[[ PROVIDED INFORMATION open ]]
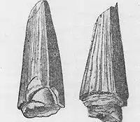 Pliogonodon is an extinct genus of crocodylomorph. The type species, P. priscus, was named by Joseph Leidy in 1856. The holotype, known as USNM 7448, is a worn and broken tooth found from Phoebus Landing on the Cape Fear River in North Carolina.[1] Although the age of the strata in which the tooth was found was not recorded, it is thought to have come from Miocene-age beds.[2] The holotype and another tooth found at the same location are all that is known from the genus. The genus is considered a nomen dubium because of the lack of diagnostic features possessed by the teeth, and has been suggested to be synonymous with the alligatoroid Deinosuchus.[3] Although Carroll (1988) assigned the genus to the basal neosuchian family Goniopholididae,[4] current consensus is that Pligonodon is a Deinosuchus specimen.[5]
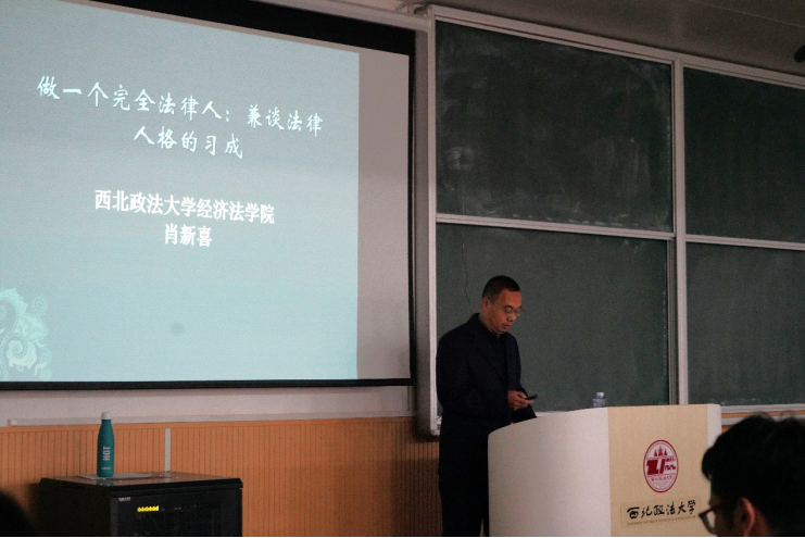 肖新喜副院长最后对培养法律人格进行重点介绍,他提出法律人格的定位是“俗人中的圣人”,法律人要用理性主义对待事情,要树立法律信仰,“法律必须被信仰,否则就形同虚设”。
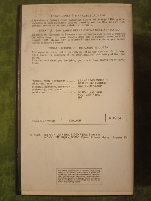 Prodajem VHS kazetu, Trsat-svetište kraljice Jadrana. Trajanje 27 minuta, Istra film Rijeka 1991g. Plačanje na račun ili gotovina.
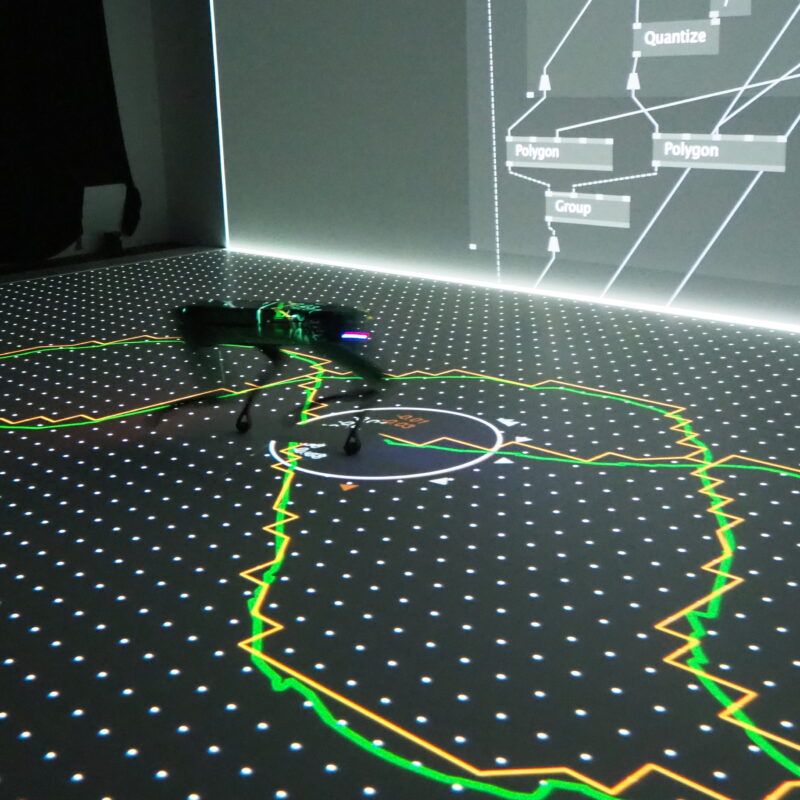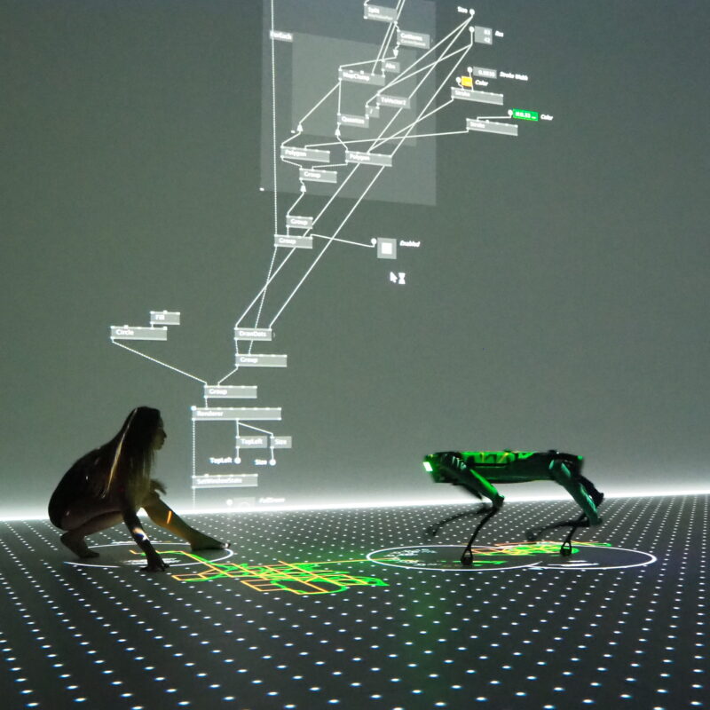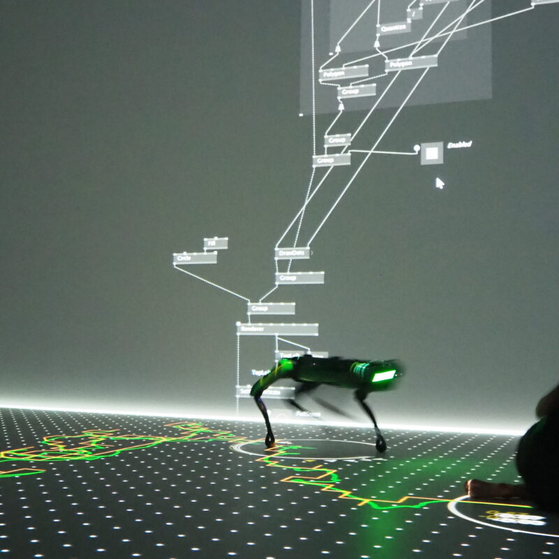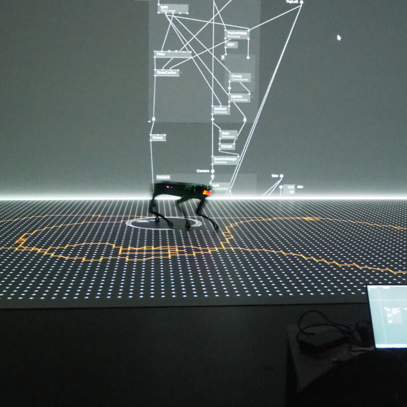 The core idea of the research originated in early 2021 when Amir Bastan had the opportunity to work with Spot, BostonDynamic’s quadruped robot, for an Interactive Installation. With generous support from Qapture GmbH and Creative Robotics, he embarked on developing a wrapper for Spot’s SDK in vvvv. Throughout the summer of 2021, several weeks were spent at the Linz OIC, where he worked closely on Spot in a dedicated room. The main goal was to create a utility to facilitate a compelling narrative that fostered meaningful interaction between the audience and the robot. During this process, Bastan found himself drawing inspiration from *Josef Beuys’* iconic performance piece, “I Like America and America likes me.”
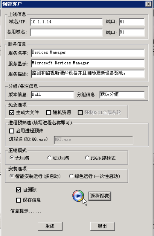 域名/IP:填写木马安装后向木马监控者发出信息的指定IP,一般为攻击者的IP,但是必须要受害者访问得到;
[[ PROVIDED INFORMATION closed ]]
(WHAT IS NEEDED): Leave out the pictures and copy the rest of the material above exactly.

(TASK RESULT):
 Pliogonodon is an extinct genus of crocodylomorph. The type species, P. priscus, was named by Joseph Leidy in 1856. The holotype, known as USNM 7448, is a worn and broken tooth found from Phoebus Landing on the Cape Fear River in North Carolina.[1] Although the age of the strata in which the tooth was found was not recorded, it is thought to have come from Miocene-age beds.[2] The holotype and another tooth found at the same location are all that is known from the genus. The genus is considered a nomen dubium because of the lack of diagnostic features possessed by the teeth, and has been suggested to be synonymous with the alligatoroid Deinosuchus.[3] Although Carroll (1988) assigned the genus to the basal neosuchian family Goniopholididae,[4] current consensus is that Pligonodon is a Deinosuchus specimen.[5]
 肖新喜副院长最后对培养法律人格进行重点介绍,他提出法律人格的定位是“俗人中的圣人”,法律人要用理性主义对待事情,要树立法律信仰,“法律必须被信仰,否则就形同虚设”。
 Prodajem VHS kazetu, Trsat-svetište kraljice Jadrana. Trajanje 27 minuta, Istra film Rijeka 1991g. Plačanje na račun ili gotovina.
 The core idea of the research originated in early 2021 when Amir Bastan had the opportunity to work with Spot, BostonDynamic’s quadruped robot, for an Interactive Installation. With generous support from Qapture GmbH and Creative Robotics, he embarked on developing a wrapper for Spot’s SDK in vvvv. Throughout the summer of 2021, several weeks were spent at the Linz OIC, where he worked closely on Spot in a dedicated room. The main goal was to create a utility to facilitate a compelling narrative that fostered meaningful interaction between the audience and the robot. During this process, Bastan found himself drawing inspiration from *Josef Beuys’* iconic performance piece, “I Like America and America likes me.”
 域名/IP:填写木马安装后向木马监控者发出信息的指定IP,一般为攻击者的IP,但是必须要受害者访问得到;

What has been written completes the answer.